Top of Provided data

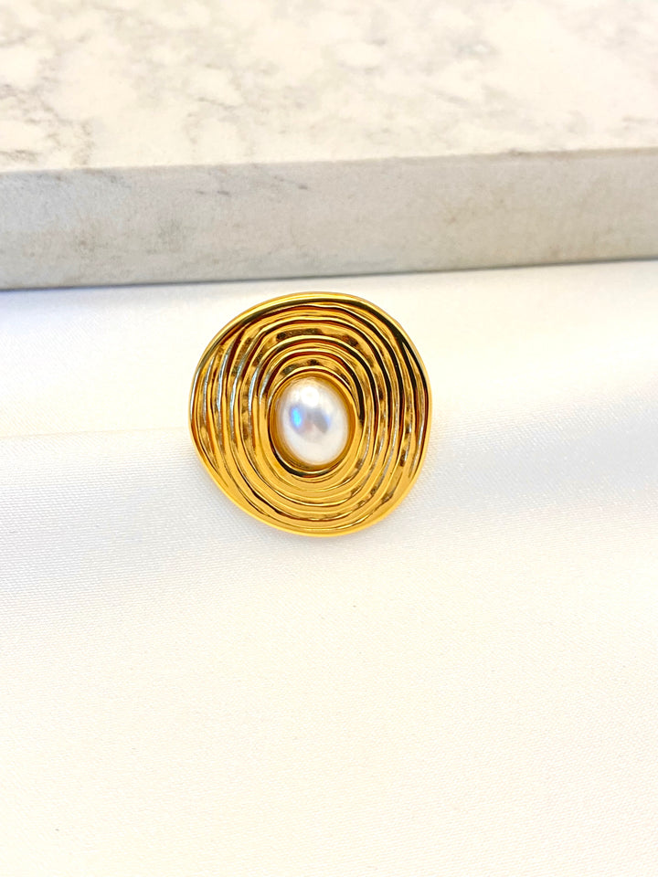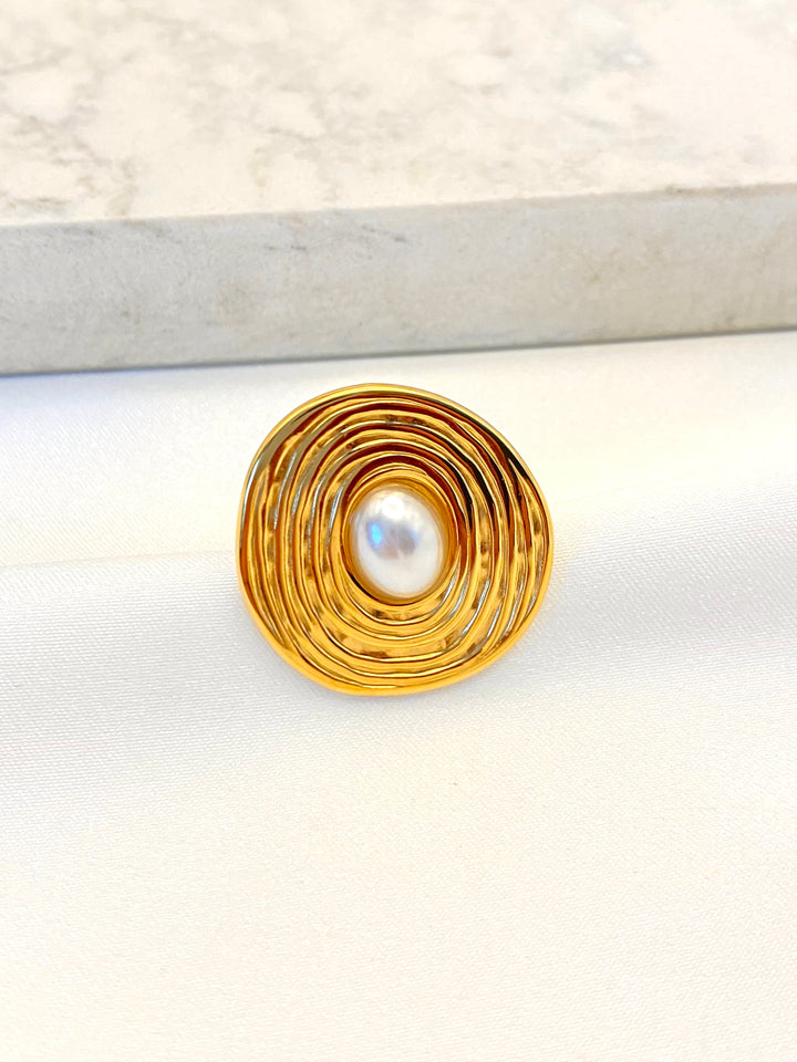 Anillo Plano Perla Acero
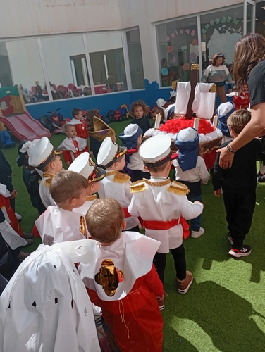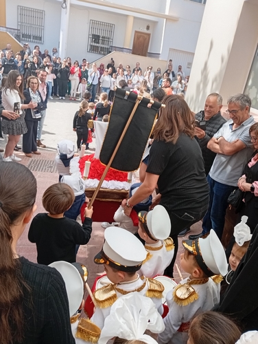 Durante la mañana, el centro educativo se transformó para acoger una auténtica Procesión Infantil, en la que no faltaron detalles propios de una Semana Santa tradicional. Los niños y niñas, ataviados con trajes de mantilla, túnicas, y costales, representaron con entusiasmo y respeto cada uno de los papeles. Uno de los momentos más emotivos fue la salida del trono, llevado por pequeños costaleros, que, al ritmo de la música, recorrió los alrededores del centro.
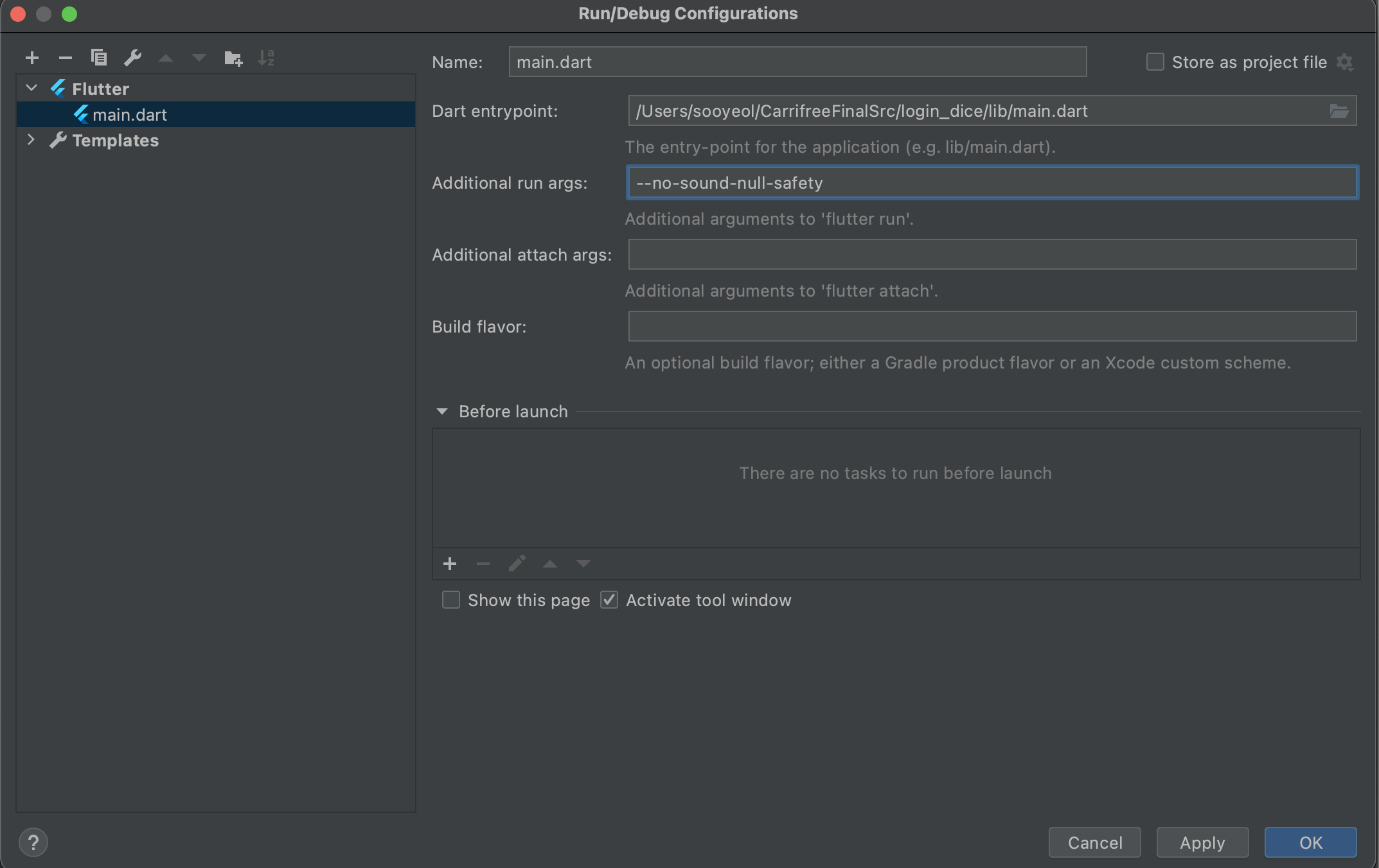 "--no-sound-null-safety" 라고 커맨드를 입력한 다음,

Bottom of Provided data

Aim of the task>
Give back the full listing word for word, with the pictures left out.

Your response>
 Anillo Plano Perla Acero
 Durante la mañana, el centro educativo se transformó para acoger una auténtica Procesión Infantil, en la que no faltaron detalles propios de una Semana Santa tradicional. Los niños y niñas, ataviados con trajes de mantilla, túnicas, y costales, representaron con entusiasmo y respeto cada uno de los papeles. Uno de los momentos más emotivos fue la salida del trono, llevado por pequeños costaleros, que, al ritmo de la música, recorrió los alrededores del centro.
 "--no-sound-null-safety" 라고 커맨드를 입력한 다음,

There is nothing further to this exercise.